* _Task item_
Each line of the material below is to be written out exactly. Leave out any picture.

* _Data section_
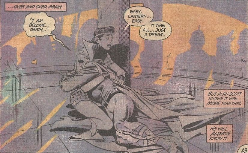 And keep in mind, the Alan Scott Green Lantern has it within him to kill entire nations. Knowledge for life. It turns out Hal Jordan/Parallax was only following in his predecessor’s dreamy footsteps.
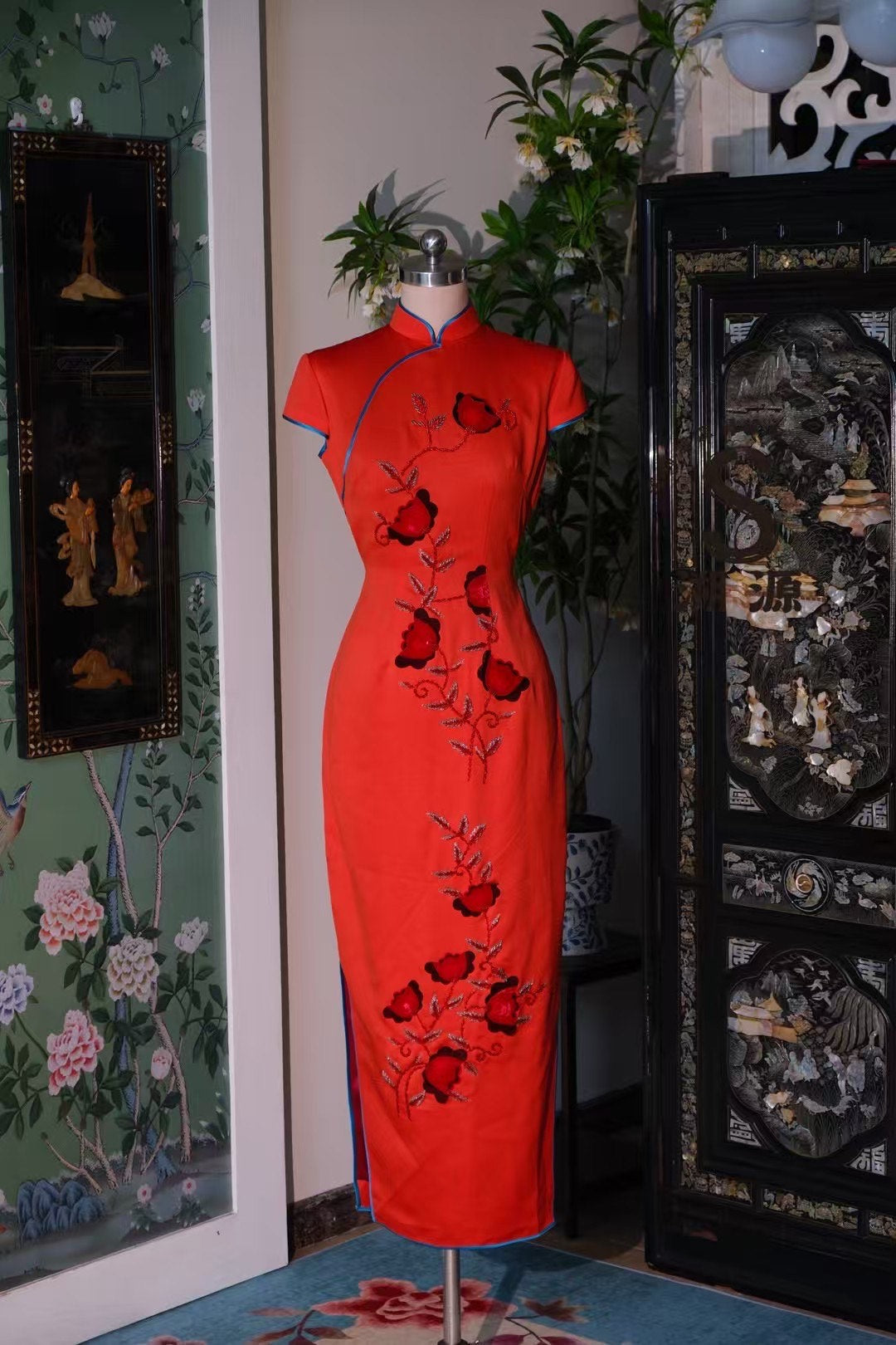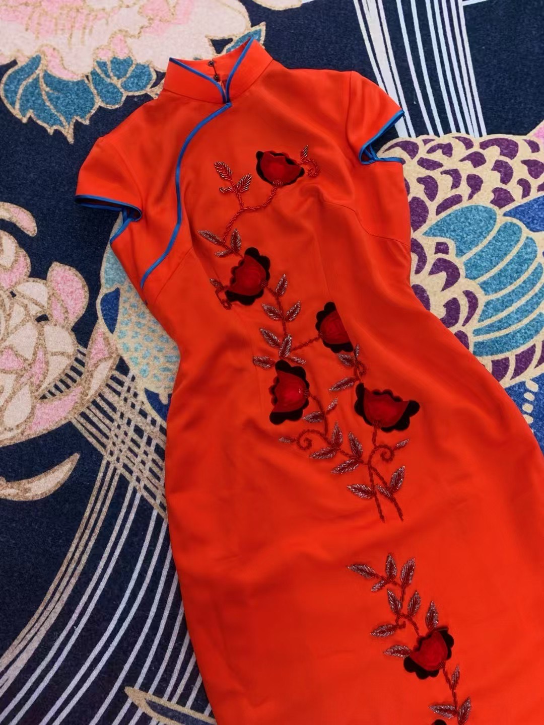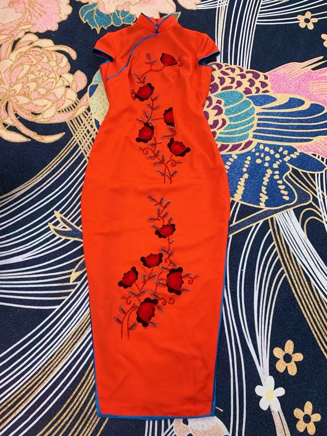 这件旗袍是东方古典美学与现代风情的绝妙交织。它以浓郁热烈的橘红色丝光缎面为底,色彩饱和而富有光泽,仿若日落时分天边的一抹朱华,瞬间点燃视觉焦点。
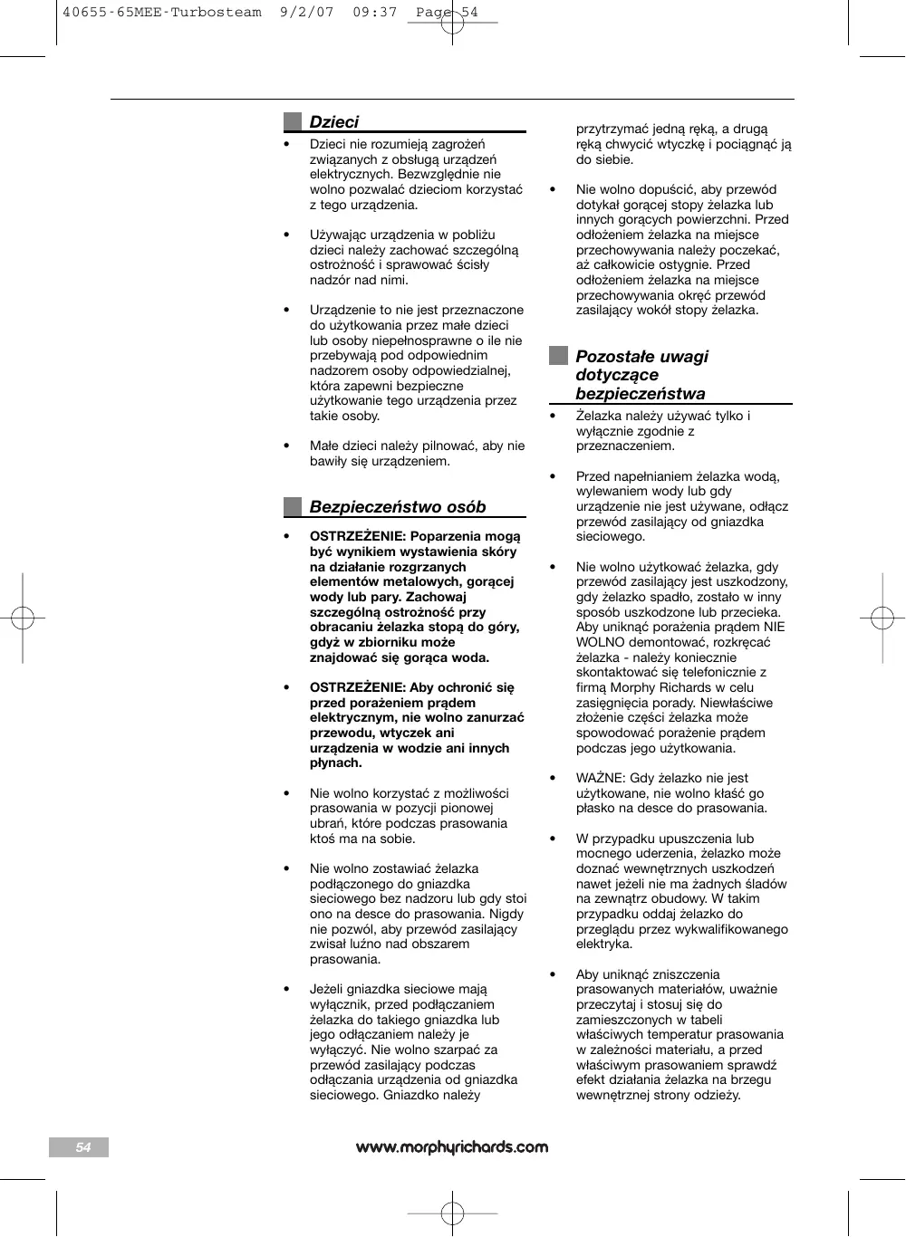 Nie wolno użytkować żelazka, gdy przewód zasilający jest uszkodzony, gdy żelazko spadło, zostało w inny sposób uszkodzone lub przecieka. Aby uniknąć porażenia prądem NIE WOLNO demontować, rozkręcać żelazka - należy koniecznie skontaktować się telefonicznie z firmą Morphy Richards w celu zasięgnięcia porady. Niewłaściwe złożenie części żelazka może spowodować porażenie prądem podczas jego użytkowania.

* _Reply_
 And keep in mind, the Alan Scott Green Lantern has it within him to kill entire nations. Knowledge for life. It turns out Hal Jordan/Parallax was only following in his predecessor’s dreamy footsteps.
 这件旗袍是东方古典美学与现代风情的绝妙交织。它以浓郁热烈的橘红色丝光缎面为底,色彩饱和而富有光泽,仿若日落时分天边的一抹朱华,瞬间点燃视觉焦点。
 Nie wolno użytkować żelazka, gdy przewód zasilający jest uszkodzony, gdy żelazko spadło, zostało w inny sposób uszkodzone lub przecieka. Aby uniknąć porażenia prądem NIE WOLNO demontować, rozkręcać żelazka - należy koniecznie skontaktować się telefonicznie z firmą Morphy Richards w celu zasięgnięcia porady. Niewłaściwe złożenie części żelazka może spowodować porażenie prądem podczas jego użytkowania.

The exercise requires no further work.